Reproduce, character for character, the lines below from the first through the one with "Nikki Tatton and". Leave pictures out.

_Dataset content_:
##########

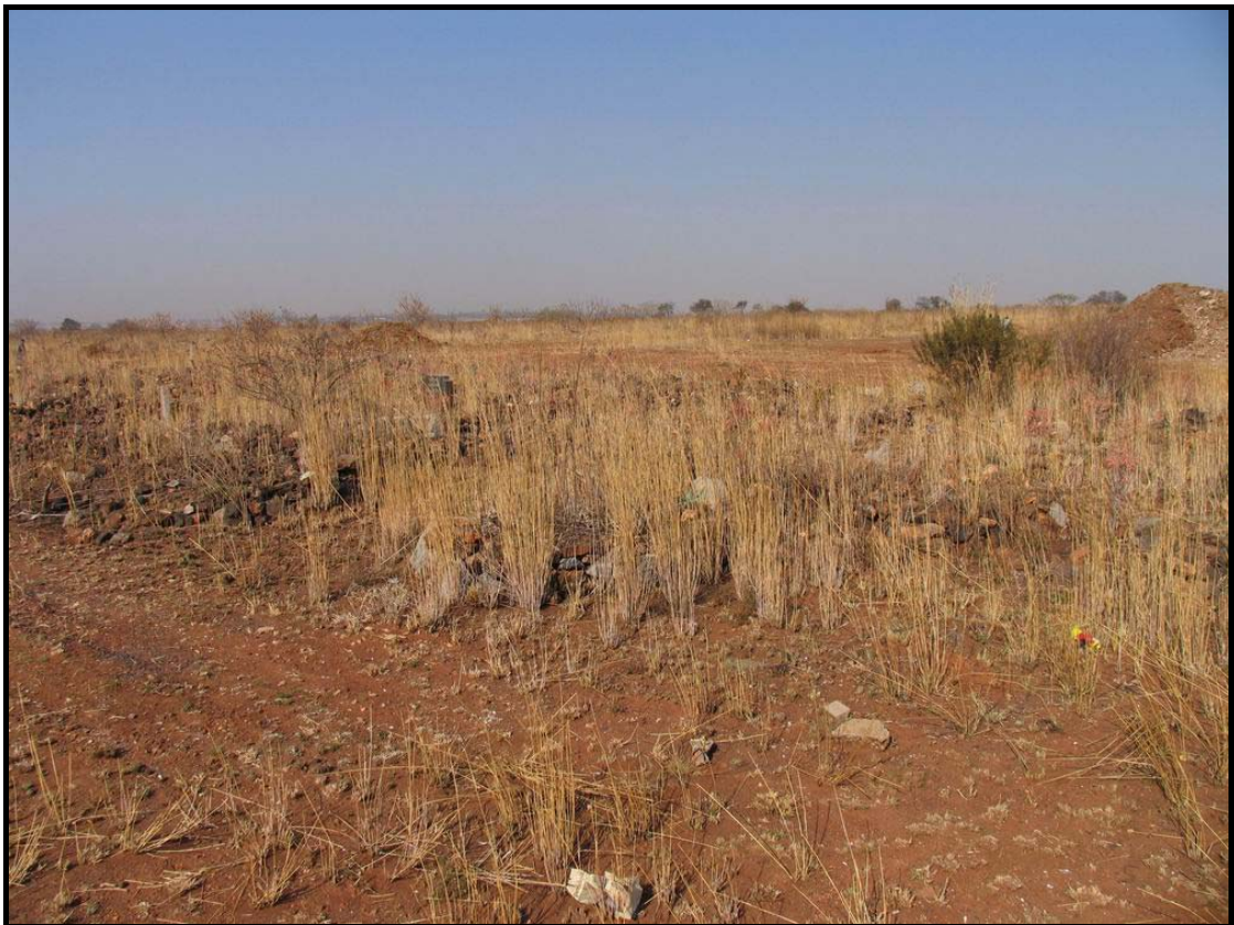
Fig. 2. A section of the cemetery, showing a large number of unmarked graves.

Legal requirements : Notification, consultation, permits, SAHRA permits
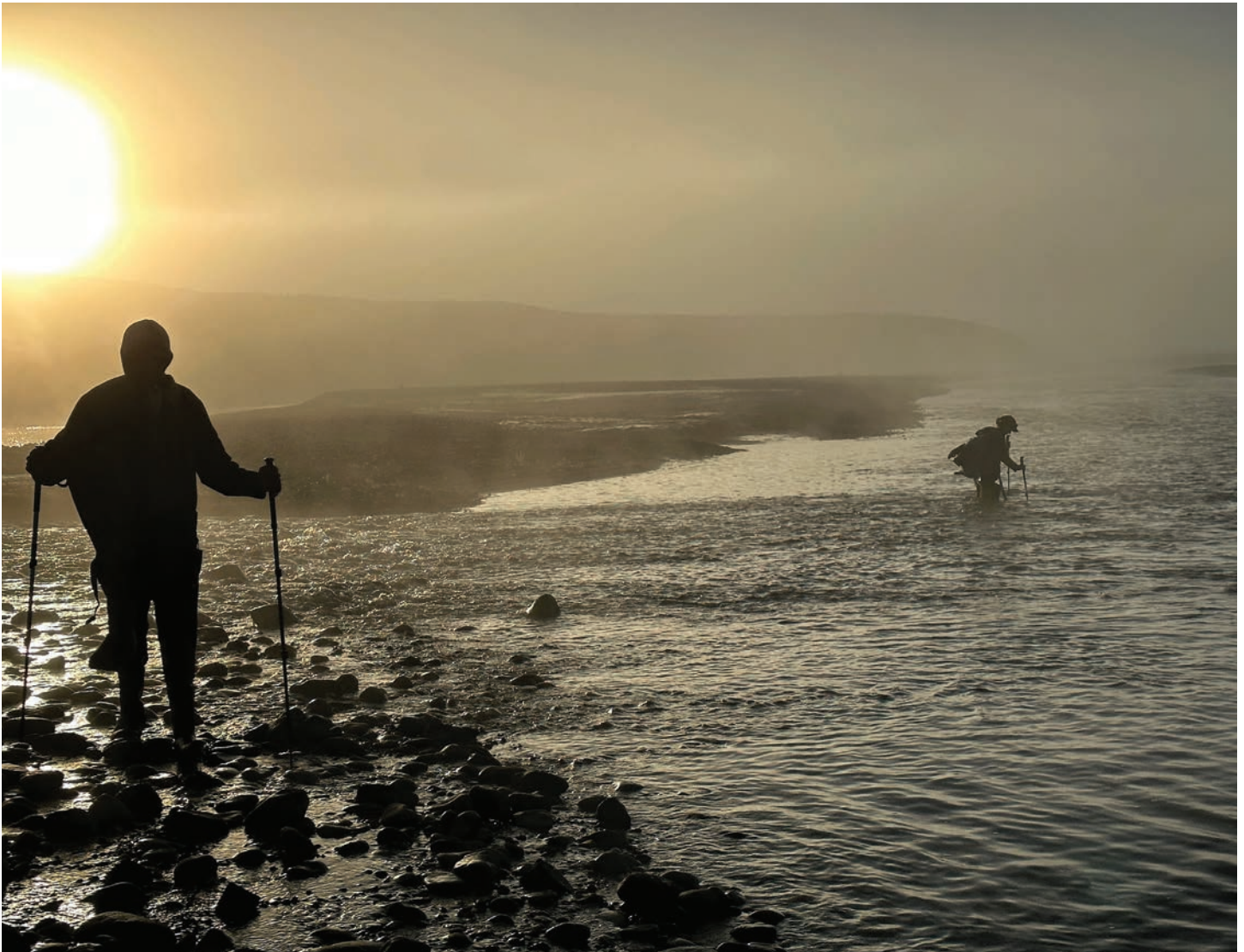
Nikki Tatton and Jeremy SunderRaj ford the Lamar River to search for the remains of 1276F, the lead female of the Junction Butte pack. She was presumed dead following a severe injury to her lower jaw in September. Despite staff diligently searching for her (her radiocollar no longer functioned), she remains undiscovered in the wilds of Yellowstone.

study. The pack produced four pups, possibly by former lead female 1090F although genetic analysis is needed. More male wolves from the Junction Butte pack joined Mollie's in 2023: 1339M in June and an uncollared gray and uncollared black in November. The latest two likely created tension between the first Junction Butte/Rescue Creek males to join Mollie's in mid-2022. Their age difference meant that they probably did not know each other well, despite having the same pack origins. As a result, former lead 1272M, former lead 1090F, and an uncollared black male all dispersed. Initially the trio were found together but eventually the uncollared black male rejoined Mollie's pack. Wolf 1272M was killed in Montana during the wolf hunting season, and 1090F was found alone or occasionally with or near Rescue Creek pack wolves.

##########

_Output for this task_:
Fig. 2. A section of the cemetery, showing a large number of unmarked graves.

Legal requirements : Notification, consultation, permits, SAHRA permits
Nikki Tatton and Jeremy SunderRaj ford the Lamar River to search for the remains of 1276F, the lead female of the Junction Butte pack. She was presumed dead following a severe injury to her lower jaw in September. Despite staff diligently searching for her (her radiocollar no longer functioned), she remains undiscovered in the wilds of Yellowstone.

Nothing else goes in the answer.